Leviathan

Crítica de Hugo Fernando Sánchez - Tiempo Argentino

Laberintos de la burocracia

La película rusa que compitió con Relatos salvajes en los Oscar sigue el recorrido de un hombre y su familia en la lucha cotidiana contra las fuerzas públicas que lo exceden.

Hace menos de dos meses Leviatán competía por el Oscar a la Mejor película hablada en idioma extranjero contra Relatos salvajes de Damián Szifron y si bien la polaca Ida se alzó finalmente con la estatuilla, al film de Andréi Zviágintsev (Elena, El regreso) le sobraban méritos para ganar la categoría.
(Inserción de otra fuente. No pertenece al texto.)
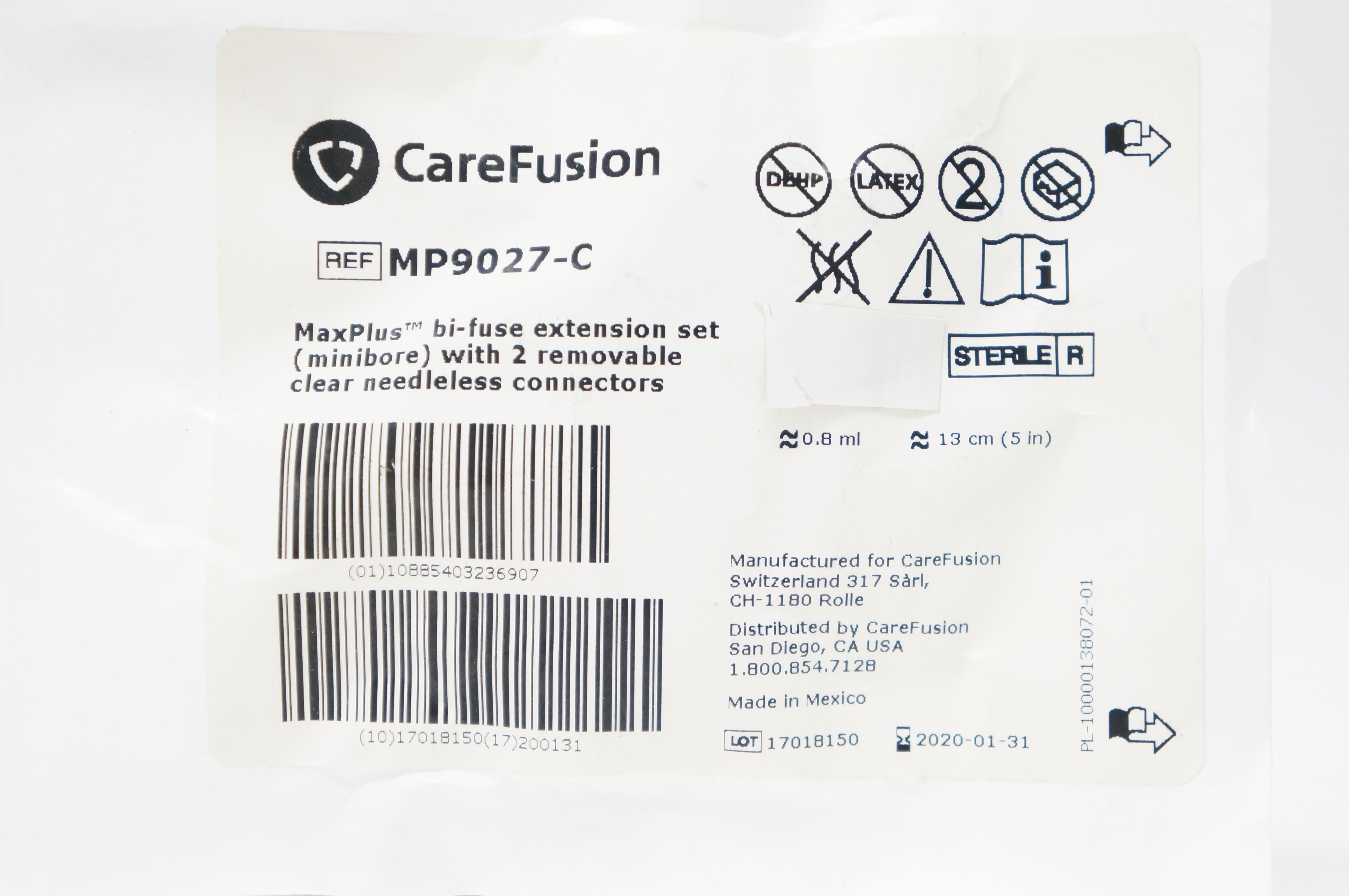 - CareFusion MP9027-C MaxPlus Bi-Fuse Extension Set 0.8ml x 5inch (x)

Esto, a partir de una historia chiquita, centrada en un hombre común, de provincias, que debe luchar contra el aparato estatal y un gigantesco entramado de corrupción, complicidades y miserias que, claro, en Occidente muchos vieron como una alegoría del estado actual de las cosas de Rusia y el omnipresente poder de Vladimir Putin.
Leviatán, entonces, y más allá del tratado escrito por Thomas Hobbes y las connotaciones bíblicas, es un monstruo despersonalizado de muchas cabezas, aunque desde la visión del relato en principio tiene el rostro del alcalde del pueblo Vadim Shelevyat (Roman Madyanov), que quiere expropiar la casa del mecánico Kolya (Aleksey Serebryakov) para realizar un emprendimiento inmobiliario y va a utilizar todos los medios a su alcance –el sistema judicial, la policía, la intimidación física, el ahogo financiero de su víctima– para lograr su objetivo.
Kolya apenas se tiene a sí mismo y a la furia que le provoca la situación injusta que le toca vivir acompañado por su joven esposa Lilya (Elena Lyadova) y su hijo adolescente Roma (Sergey Pokhodaev), hasta que llega de Moscú su amigo Dimitri, un abogado que hará lo posible para que reciba una cifra justa por su propiedad, aunque también se convertirá en un elemento más de la tragedia en progreso que le toca protagonizar a la víctima.
Suerte de recorrido kafkiano por los laberintos de la burocracia y de los manejos del poder absoluto, Leviatán se propone y consigue seguir el vía crucis de un trabajador frente a las fuerzas que lo exceden, donde el Estado, la iglesia ortodoxa rusa y una sociedad en descomposición que llegó al capitalismo sin escalas, funcionan como dique inexpugnable para una mínima idea de la justicia.
Y uno de los elementos fundamentales de la puesta –además del rigor para documentar un recorrido por las miserias de un pueblo perdido que bien puede tomarse como muestrario de algo más grande–, de alguna manera se podría sintetizar en el término ruso "nitchevo", que refleja el profundo fatalismo eslavo que inunda todo el relato y le da un carácter sombrío, asfixiante, pero también lúcidamente reflexivo, con personajes complejos en su supuesta simplicidad, que atraviesan la pantalla con un sentido de lo real que cada vez es más difícil encontrar en el cine del presente.